1.20. What type of stoichiometric defect is shown by:
(i) ZnS
(ii) AgBr?
Answer
(i) ZnS [Zinc sulphide] shows Frenkel defect.
(ii) AgBr [Silver bromide] shows Frenkel defect as well as Schottky defect.
1.21. Explain how vacancies are introduced in an ionic solid when a cation of higher valence is added as an impurity in it?
Answer
When a cation of higher valence is added to an ionic solid as an impurity, the cation of higher valence replaces more than one cation of lower valence so as to keep the crystal electrically neutral. As a result, some sites become vacant. For example, if molten NaCl containing a little amount of SrCl2 is crystallised, some of the sites of Na+ ions are occupied by Sr2+. Each Sr2+ replaces two Na+ ions. It occupies the site of one ion and the other site remains vacant. The cationic vacancies thus produced are equal in number to that of Sr2+ ions.
1.22. Ionic solids, which have anionic vacancies due to metal excess defect, develop colour. Explain with the help of a suitable example.
Answer
Ionic solids, which have anionic vacancies due to metal excess defect, develop colour. The colour is formed due to the excitation of the unpaired electrons occupying anionic sites when they absorb energy from the visible light falling on the crystals.

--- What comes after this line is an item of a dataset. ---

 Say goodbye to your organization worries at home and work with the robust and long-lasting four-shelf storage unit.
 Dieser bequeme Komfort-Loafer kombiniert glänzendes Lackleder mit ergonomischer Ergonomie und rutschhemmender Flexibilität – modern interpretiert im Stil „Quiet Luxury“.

For example, when crystals of NaCl are heated in an atmosphere of sodium vapour, the sodium atoms are deposited on the surface of the crystal. The CI- ions diffuse to the surface of the crystal and combine with Na atoms to give NaCl. This happens by loss of electron by sodium atoms to form Na+ ions. The released electrons diffuse into the crystal and occupy anionic sites. As a result the crystal now has an excess of sodium. The anionic sites occupied by unpaired electrons are called F- centres. These electrons get excited by absorbing energy from the visible light and impart yellow colour to the crystals. They impart yellow colour to the crystals of NaCl. Similarly, excess of lithium makes LiCl crystals pink and excess of potassium makes KCl crystals violet (or lilac).

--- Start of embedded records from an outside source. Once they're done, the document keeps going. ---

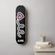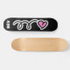 Custom monogram pink heart design skateboard deck. Cool wooden skate board designs for boys and girls. Fun Birthday gift idea for teen kids. Personalise with your own unique name, funny quote or monogram letters. Awesome Birthday gift idea for skateboarding grandaughter, son, grandson, nephew, cousin, daughter, sister, brother, friends, coach etc. Cute girly love icon print with customisable background colour and template text. Also nice as Christmas Holiday present for children. Upload your own skateboarder logo or skater graphic optionally.
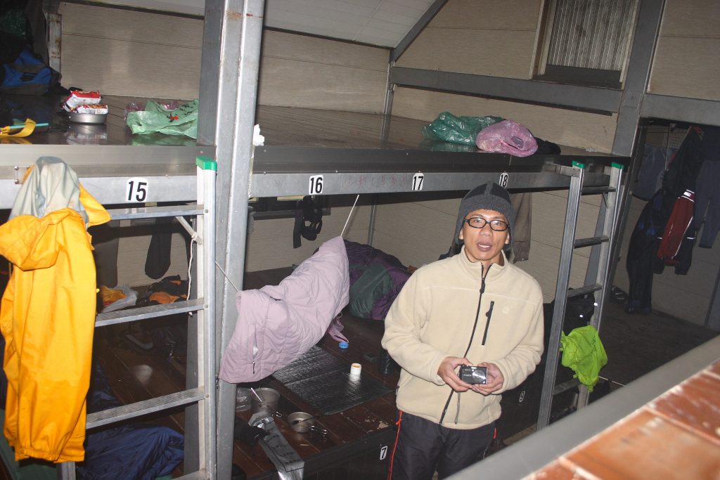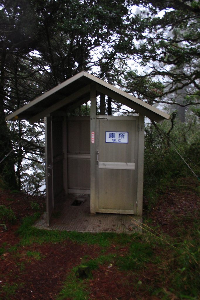 16:56 下到木杆鞍部,海拔2535M,到新雲陵山莊剩0.6KM,不過這0.6KM 卻是最漫長及痛苦的一段,從這邊開始就是一段爬坡,加上天色已晚,又下著雨,只能邊走邊休息,靠著精神力量一步一步慢慢的前進,後悔自己真是不自量力,看來以後負重應該控制在25KG以下,以免整路都是痛苦的回憶,最後於17:15終於抵達山莊,海拔約2600M,都走到摸黑了,新雲陵山莊,GPS地圖上竟然還沒有,山屋旁有雨水儲水桶,旁邊也有廁所,算是五星級的了。還好山莊內好心的山友幫忙挪出位置,有山莊睡比搭帳篷好上太多了,下雨天又那麼冷真慶幸沒用到帳篷,在山莊內與今天剛登完頂回程的山友聊到原來前幾天都是好天氣,從今天才開始變天,這種天氣上去會看不到風景的,嗚…我們怎麼每次都碰到下雨阿。原本在山屋的另一隊約22人他們預計凌晨2:00就要出發了,結果睡夢中聽到他們嚮導宣佈因為持續下雨所以取消了,反正上去也看不到風景,此時心情確也在偷偷暗爽,既然他們不上去那應該少了搶山屋的對手吧,我們應該可以不用背帳篷上去了吧。
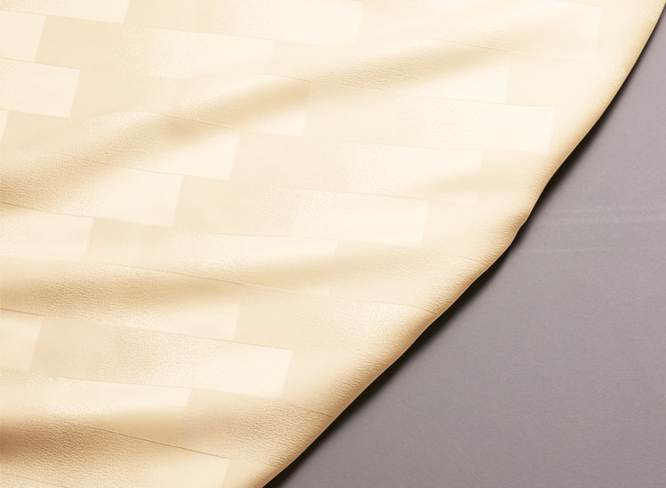 レンガ造りのモチーフ柄を、光沢セミダル糸を使って、三層の異なった質感に見せました。ツブツブの特徴織、ツルッとしたサテン織、ナチュラルな平織り。
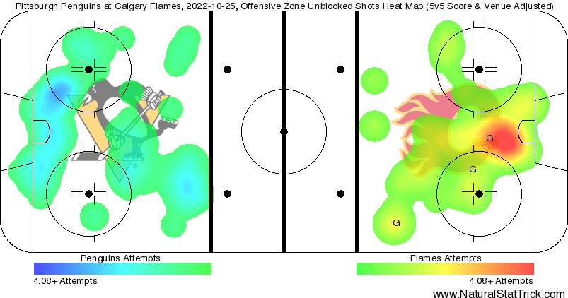 Funny Pittsburgh got all of their dangerous attempts from exactly where the heatmap from the Betway article said they would. Like they are useful tools to use to help pre-scout and predict what the opponent is going to try and do. Hard to pre-scout against the Flames just swarming your goaltender but teams can sure try.
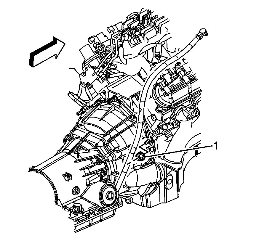 25. Disconnect the engine harness electrical connector (1) from the oil pressure sensor.

1.23. A group 14 element is to be converted into n-type semiconductor by doping it with a suitable impurity. To which group should this impurity belong?
Answer
Silicon and germanium, each has four valence electrons and they belong to 14th group of periodic table. Arsenic and phosphorous belong to 15th group of periodic table and they have valence electrons equal to 5. When silicon or germanium is doped with phosphorous or arsenic, four electrons of phosphorous or arsenic out of five; make covalent bonds with four electrons of silicon or germanium leaving one electron free; which increases the electrical conductivity of silicon or germanium. Since the electrical conductivity of silicon or phosphorous is increased because of negatively charged particle (electron), this is known as n-type of semiconductor. In other words, an n-type semiconductor conducts because of the presence of extra electrons. Therefore, a group 14 element can be converted to n-type semiconductor by doping it with a group 15 element.

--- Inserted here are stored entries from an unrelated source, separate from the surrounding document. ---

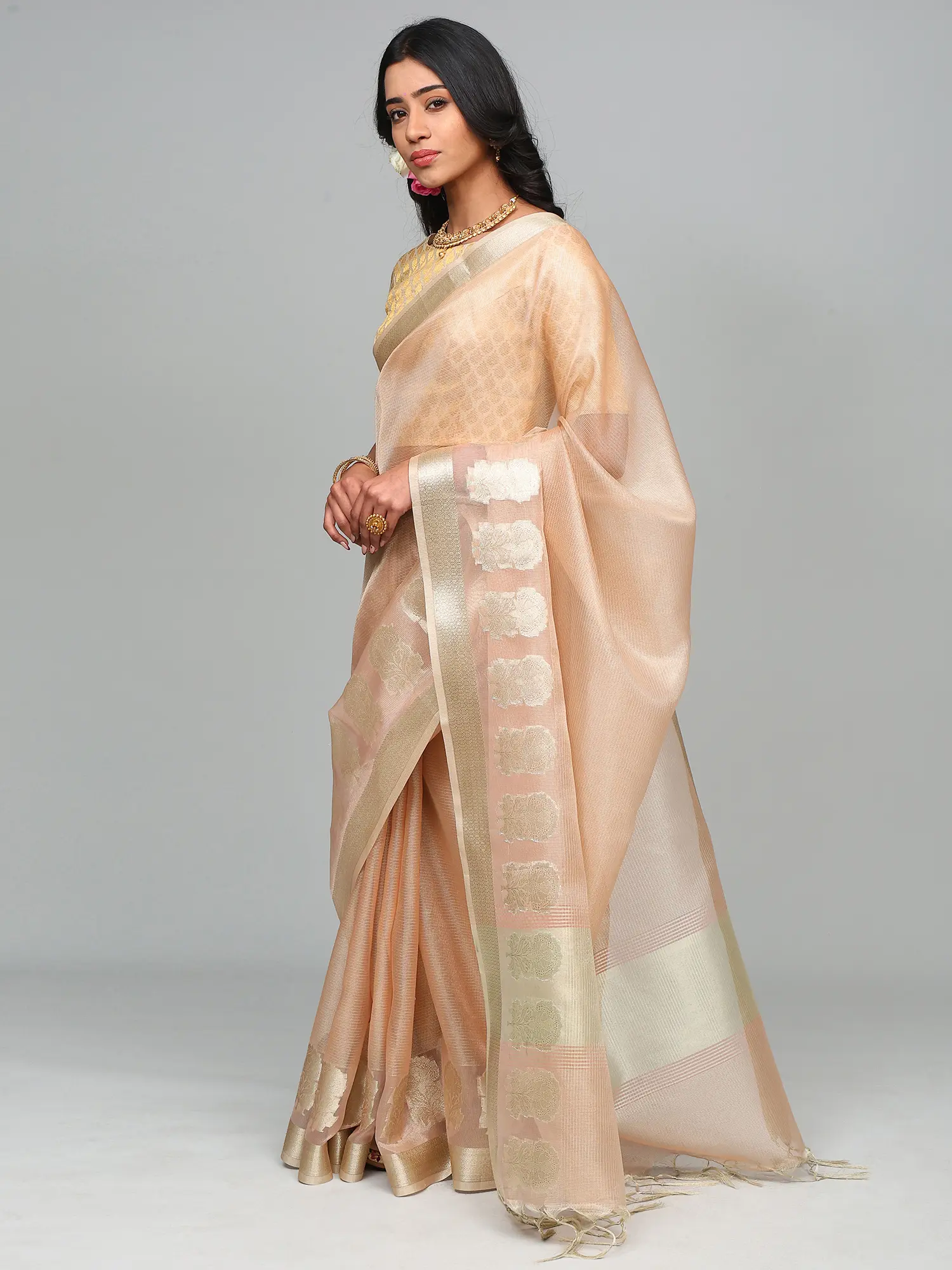 Banarasi Art Silk Saree with All-Over Meena Work and Paisley-Floral Butta
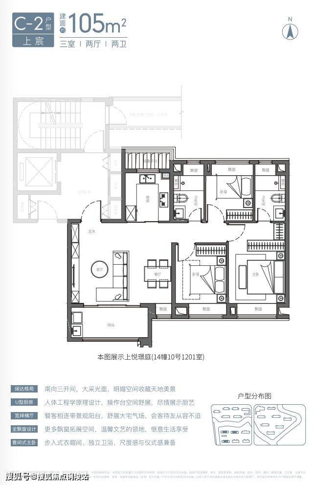 建面约105㎡3房2卫有两种风格(宽厅、竖厅),尤其是宽厅户型,设计格外惊艳。
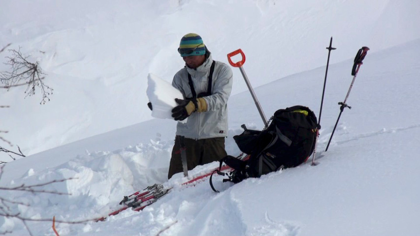カバワラ尾根での休憩中にぱっちまんが弱層テストをしたら、コシモザラメの弱層だらけ。私もシャベルコンプレッションテストをして、-20,-40cmにコシモザラメの弱層を確認した。
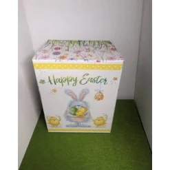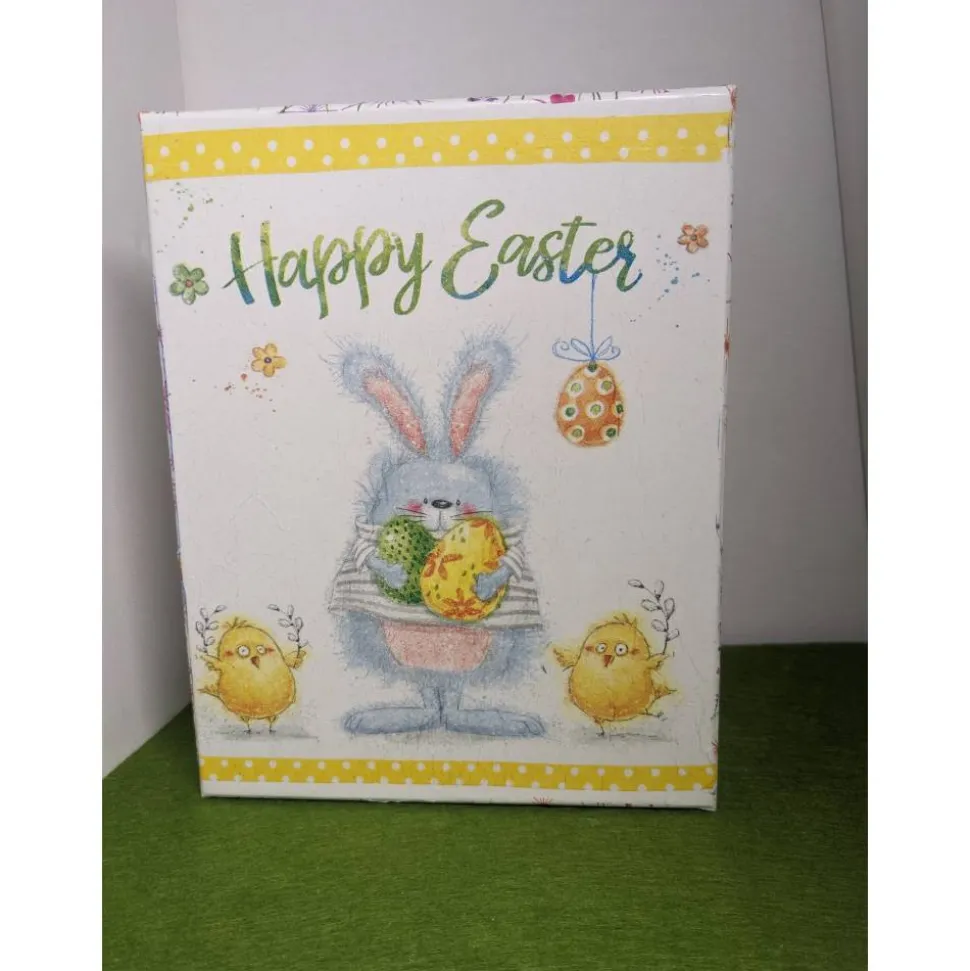 schön verziert mit österlichen Serviettenmotiven. Klebeband vervollständigt das Dekor.

1.24. What type of substances would make better permanent magnets, ferromagnetic or ferrimagnetic? Justify your answer.
Answer
Metal ions of ferromagnetic substances are randomly oriented in normal condition and substances do not act as a magnet. However, when metal ions are grouped together in small regions, called domains, each domains act like a tiny magnet and produce strong magnetic field, in such condition ferromagnetic substance act like a magnet. When the ordering of domains in group persists even after removal of magnetic field a ferromagnetic substance becomes a permanent magnet while domains are grouped in parallel and anti-parallel direction but in unequal number in ferromagnetic compounds. Thus, Ferromagnetic substances, such as Ni, Co, Fe would make better permanent magnets rather than ferromagnetic substances.